2. Materials and Methods

2.1. Study Design and Patient Population

This was a retrospective single-centre observational study conducted in accordance with the Declaration of Helsinki and approved by the Institutional Review Board of ethics committee from Castellón Provincial Hospital (Castellón de la Plana, Spain). Patients with biopsy-proven BC who underwent NAC with or without monoclonal antibody treatment followed by surgery between 1 January 2018 and 31 December 2019 were selected if the following inclusion criteria were met: (a) presenting stage II-III BC; (b) having received NAC with no prior therapy; (c) available pre-treatment standard-of-care breast mpMRIs. Exclusion criteria included incomplete or imaging artifacts at mpMRI examination.
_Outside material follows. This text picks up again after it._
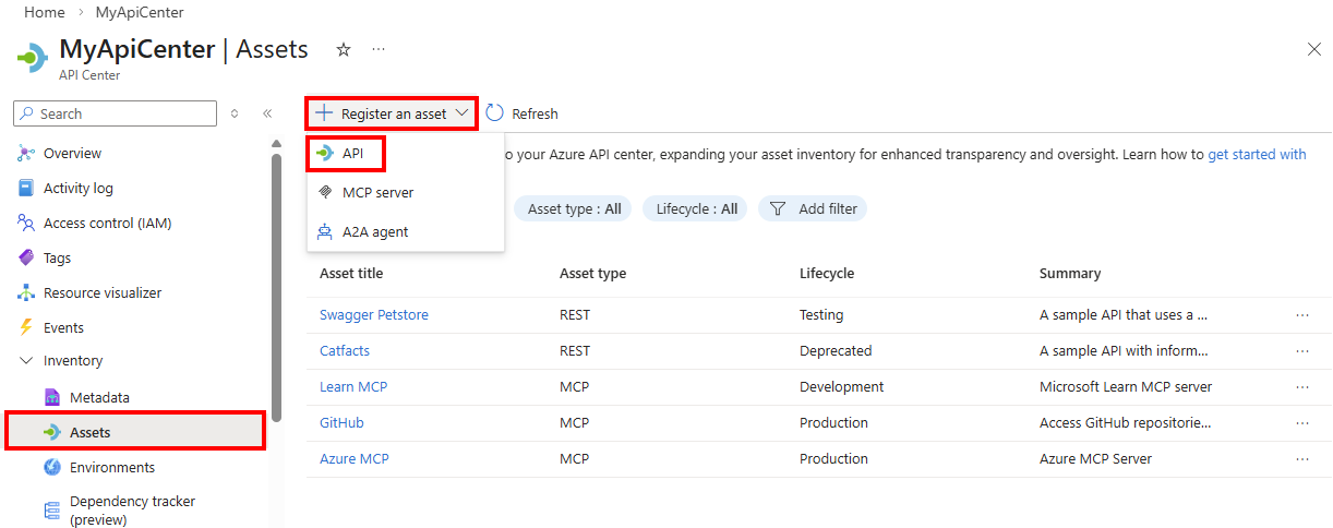 Select + Register an asset > API.

2.2. Definition of Pathological Complete Response

The prognostic impact of pCR depends on its definition, which has not yet been standardised [32]. In this study, pCR was defined as the absence of residual invasive carcinoma in the complete resected breast specimen on haematoxylin and eosin evaluation and in all sampled regional lymph nodes following the completion of NAC (pT0 or ypTis and ypN0), although the presence of residual ductal carcinoma in situ was accepted. This definition has been widely used in the literature, as in the studies conducted by the Collaborative Trials in Neoadjuvant Breast Cancer (CTNeoBC) [9] and the MD Anderson [33]. Additionally, it has demonstrated to best discriminate between patients with favourable and unfavourable outcomes [32,34]. In this study, patients showing pCR will be also referred as “responders” opposite to those not showing pCR who will be referred as “non-responders”.

2.3. MRI Acquisition

The MRI protocol included multi-slice T1- and T2-weighted fast spin–echo sequences in axial orientation, short time inversion recovery (STIR) sequences, DWI sequences, and DCE sequences. Images were acquired in a Siemens 1.5T MRI unit (Magnetom Avanto fit, Siemens Healthineers, Erlangen, Germany) with the patient lying in a prone position and by using a dedicated breast radiofrequency coil with 18-channel (Breast 18-type). For DCE series, high-spatial resolution three-dimensional T1-weighted imaging was performed by using a 3D gradient-echo sequence (TE = 2.5 ms, TR = 5.9 ms, flip angle = 25°, isotropic voxel size of 1.2 mm, field of view of 320 mm). A total of six dynamics were acquired with a temporal resolution of 40 s. Total DCE sequence duration was of 7 min 42 s, including preparation pulses. The contrast media used was Gadovist® (Gadobutrol, 0.1 mmol/mL, Bayer AG, Berlin, Germany), administered by the antecubital vein through automatic injector at a dose of 0.1 mmol/Kg with a flow rate of 3 mL/s, followed by 25 mL of physiological saline (OptiStar Elite® Mallinckrodt Pharmaceuticals, Liebel-Flarsheim Company, Cincinnati, OH, USA). Contrast injection was started 20 s after the end of the first dynamic. DWI images were acquired by an echo–planar imaging sequence (TE = 84 ms, TR = 6900 ms, pixel size of 1.9 mm, slice thickness of 5 mm, b-values of 0, 150, 400, and 1000 s2/mm).

2.4. Lesion Segmentation

Three-dimensional delineation of the tumour was carried out on pre-treatment DCE sequences after digital subtraction by a radiologist from a Breast Unit with more than 10 years of experience.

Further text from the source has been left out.